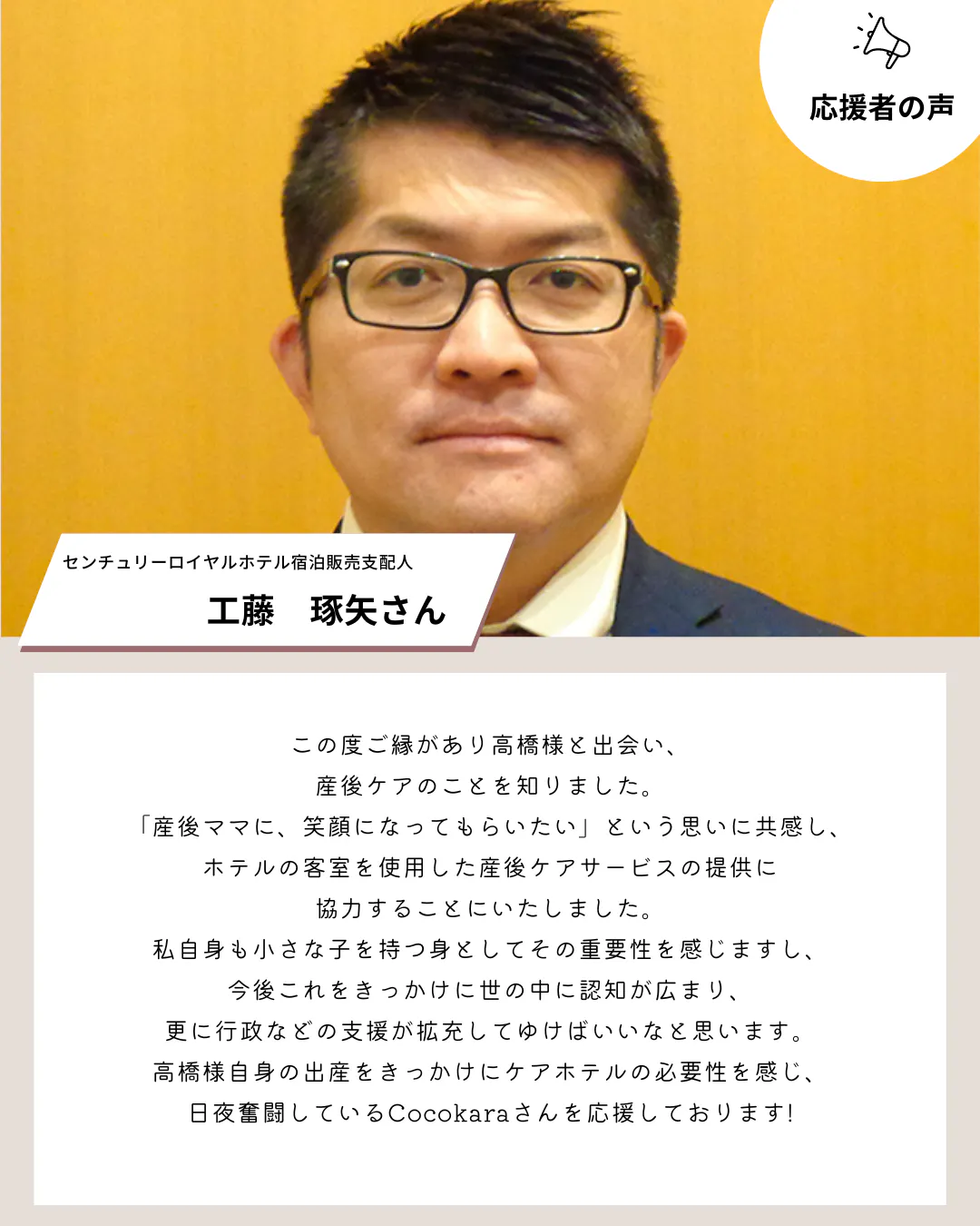 2024/02/28 17:30いつも応援ありがとうございます。Cocokara代表の高橋奈美です。1月末から始めたクラウドファンディングもついに明日で最終日となりました。この約1か月間で、センチュリーロイヤルホテルさんにて2回産後ケアを実施させていただき、改めて本当にママたちから必要とされている場所だと感じ、今後もしっかり継続できるように頑張ろうと身が引き締まりました。「Cocokaraの予約ができた時点で、あと少しで頼れる場所がある!と思えてそれまで先が見えない育児に気持ちが落ち込んでいましたが、とても気が楽になりました」と言っていただいたお客様がいらっしゃいました。産後に安心して頼れる場所があること。それがどれだけ大事なことか、改めて痛感したお言葉でした。より多くのママに心からの安心をお届けしたいです。残り54,000円でネクストゴールを達成、+2名のママにご宿泊いただけるようになります。1,000円からご支援可能なので、是非最後にもう一度ご協力宜しくお願い致します!!! もっと見る
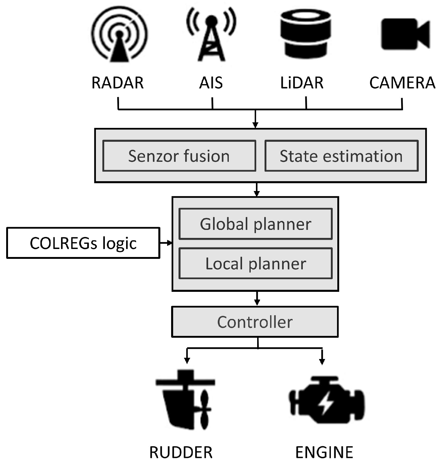 Finally, the computed control actions (rudder angle, engine rpm) are sent to the vessel’s actuators, completing the control loop.
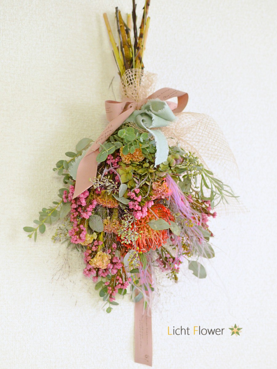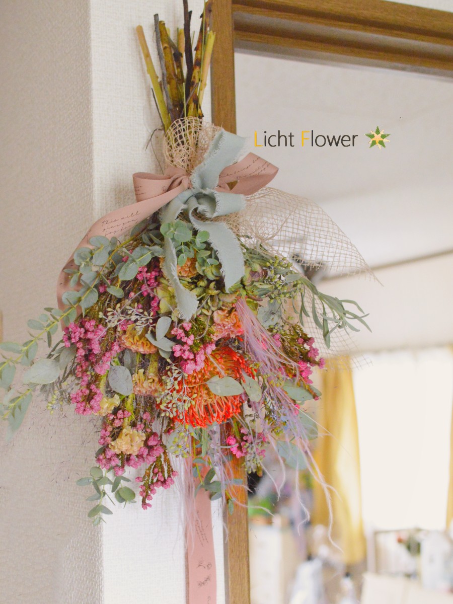 グラスとフェザーがユラユラとたなびく秋のスワッグ
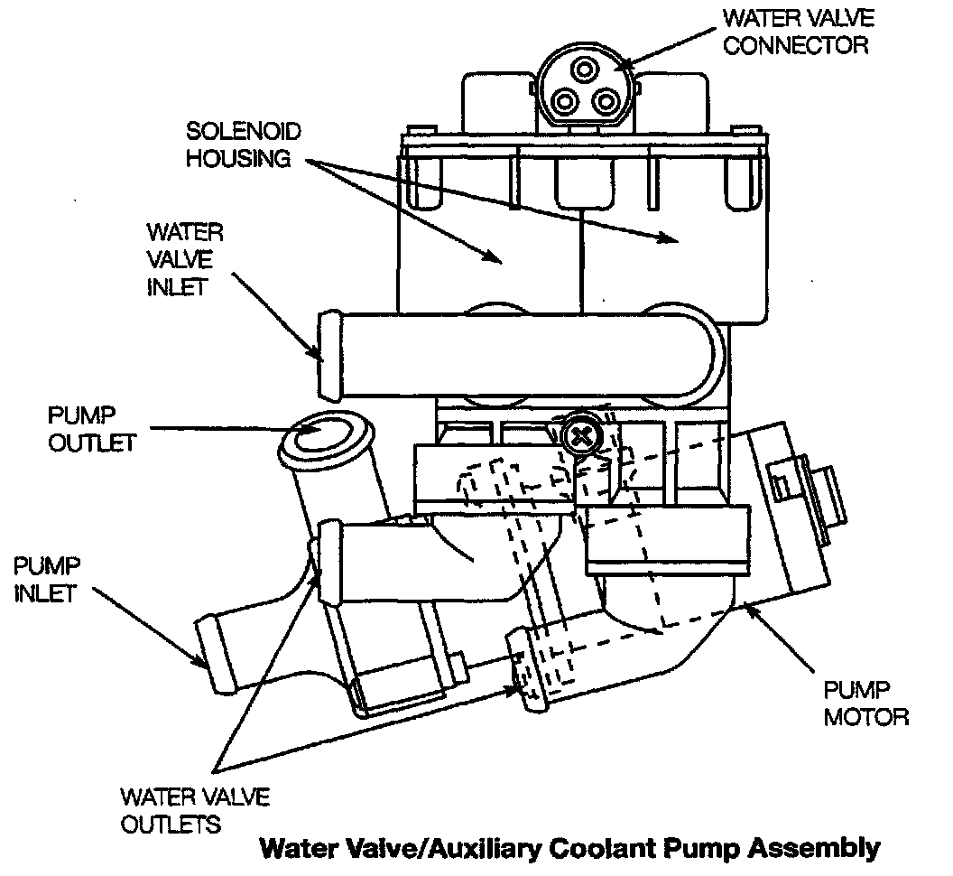 An electrically powered auxiliary coolant pump, positioned ahead of the solenoid valves, is operated by the control module to assure adequate coolant flow to the heater cores when cabin heating is a priority. The pump capacity is about 250 gallons per hour.
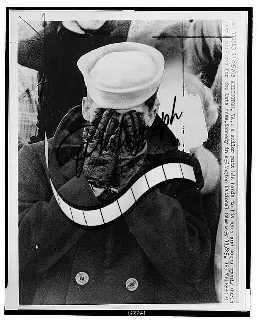 A sailor puts his hands to his eyes and weeps openly during funeral services for the late Pres. Kennedy in Arlington National Cemetery, 11/25
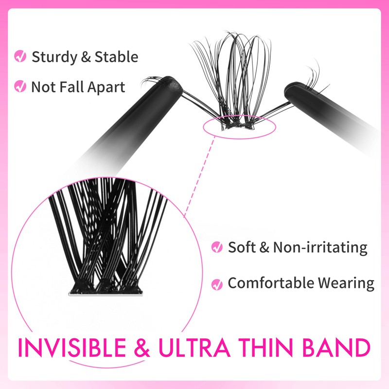 - Easy eyelash extension: apply eyelash glue to your natural eyelashes, then use a eyelash applicator tool to apply eyelash clusters under your natural eyelashes, and finally fix them with an eyelash sealer
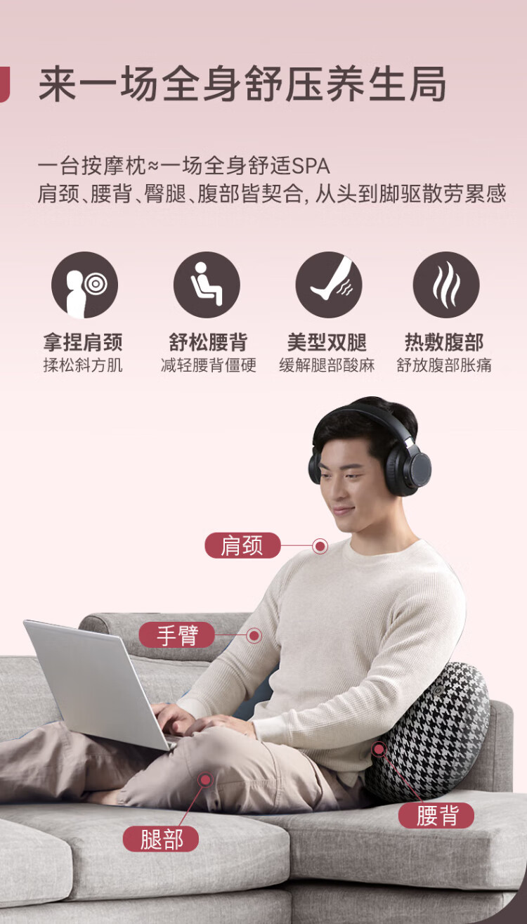 OSIM Waist Massager Love Massage Pillow Back Waist Cervical Massager Neck Shoulder Home Massage Lumbar Pillow OS-2213 New Year's Day Gift New Year's Gift Practical Love Model
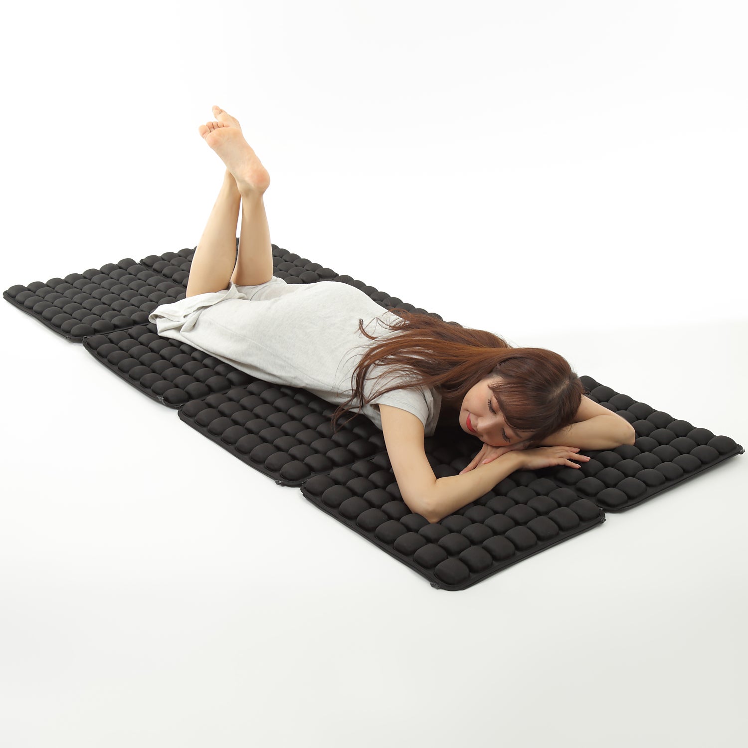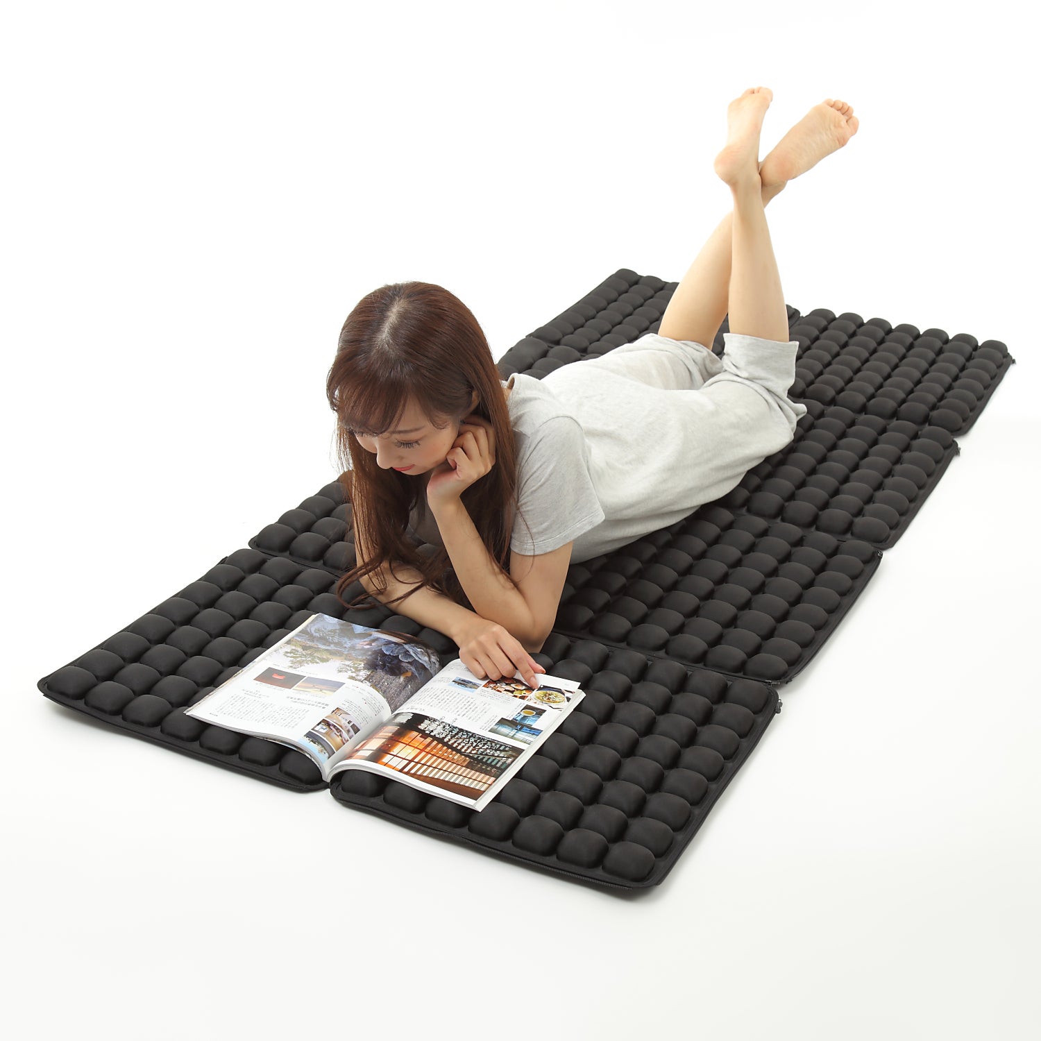 2つ繋ぎ合わせれば背もたれ付きクッションに、8枚つなぎ合わせればゴロ寝用マットとして使用できます。
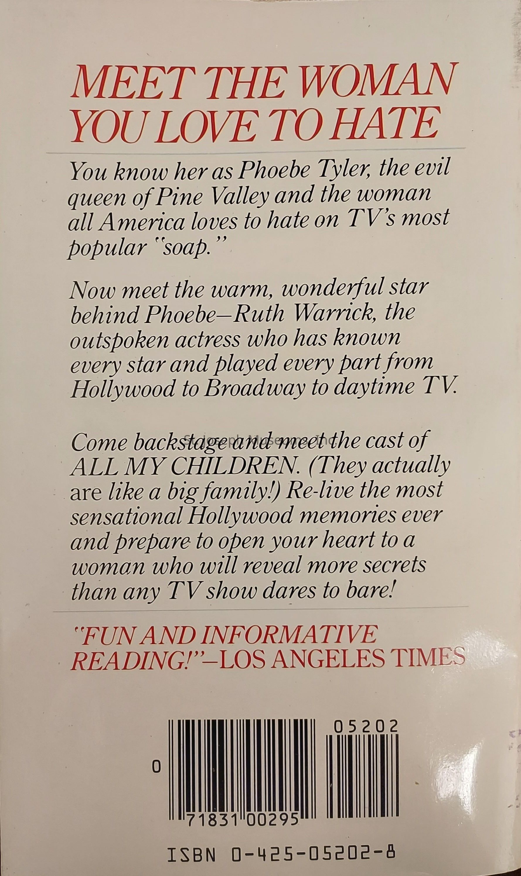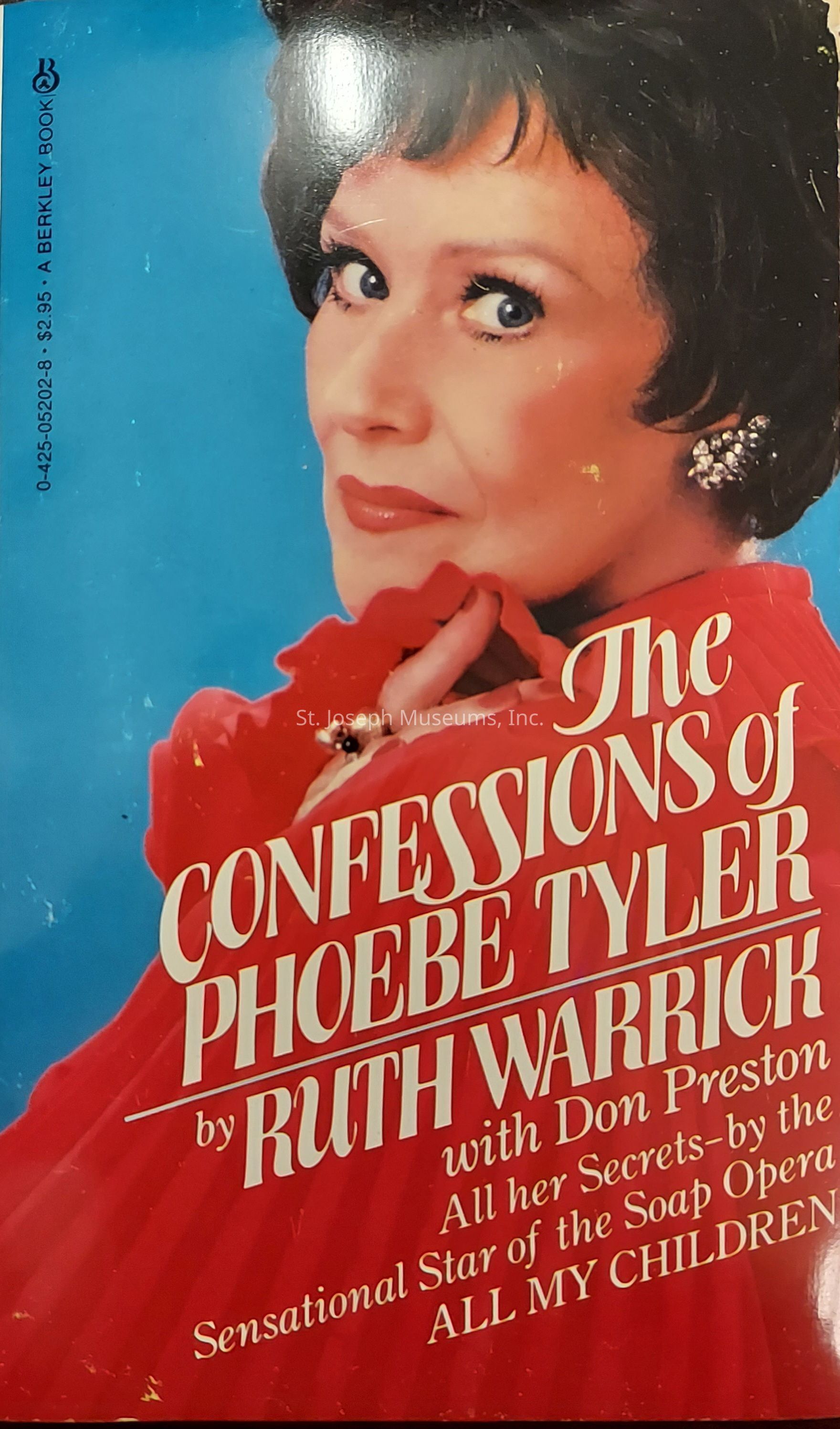 Confessions of Phoebe Tyler is a biography of Ruth Warrick, actress born in St. Joseph in 1916. She died in New York City in 2005. Warrick lived in St. Joseph until her late teens and then pursued her acting career. Appeared in Citizen Kane, Peyton Place TV series and All My Children soap opera. Phoebe Tyler was her soap opera character. Book is about her life and career.Collection

——————————

• [EXERCISE GOAL]
Transcribe every record above in full. Pictures stay out of the copy.

• [REPLY]
 2024/02/28 17:30いつも応援ありがとうございます。Cocokara代表の高橋奈美です。1月末から始めたクラウドファンディングもついに明日で最終日となりました。この約1か月間で、センチュリーロイヤルホテルさんにて2回産後ケアを実施させていただき、改めて本当にママたちから必要とされている場所だと感じ、今後もしっかり継続できるように頑張ろうと身が引き締まりました。「Cocokaraの予約ができた時点で、あと少しで頼れる場所がある!と思えてそれまで先が見えない育児に気持ちが落ち込んでいましたが、とても気が楽になりました」と言っていただいたお客様がいらっしゃいました。産後に安心して頼れる場所があること。それがどれだけ大事なことか、改めて痛感したお言葉でした。より多くのママに心からの安心をお届けしたいです。残り54,000円でネクストゴールを達成、+2名のママにご宿泊いただけるようになります。1,000円からご支援可能なので、是非最後にもう一度ご協力宜しくお願い致します!!! もっと見る
 Finally, the computed control actions (rudder angle, engine rpm) are sent to the vessel’s actuators, completing the control loop.
 グラスとフェザーがユラユラとたなびく秋のスワッグ
 An electrically powered auxiliary coolant pump, positioned ahead of the solenoid valves, is operated by the control module to assure adequate coolant flow to the heater cores when cabin heating is a priority. The pump capacity is about 250 gallons per hour.
 A sailor puts his hands to his eyes and weeps openly during funeral services for the late Pres. Kennedy in Arlington National Cemetery, 11/25
 - Easy eyelash extension: apply eyelash glue to your natural eyelashes, then use a eyelash applicator tool to apply eyelash clusters under your natural eyelashes, and finally fix them with an eyelash sealer
 OSIM Waist Massager Love Massage Pillow Back Waist Cervical Massager Neck Shoulder Home Massage Lumbar Pillow OS-2213 New Year's Day Gift New Year's Gift Practical Love Model
 2つ繋ぎ合わせれば背もたれ付きクッションに、8枚つなぎ合わせればゴロ寝用マットとして使用できます。
 Confessions of Phoebe Tyler is a biography of Ruth Warrick, actress born in St. Joseph in 1916. She died in New York City in 2005. Warrick lived in St. Joseph until her late teens and then pursued her acting career. Appeared in Citizen Kane, Peyton Place TV series and All My Children soap opera. Phoebe Tyler was her soap opera character. Book is about her life and career.Collection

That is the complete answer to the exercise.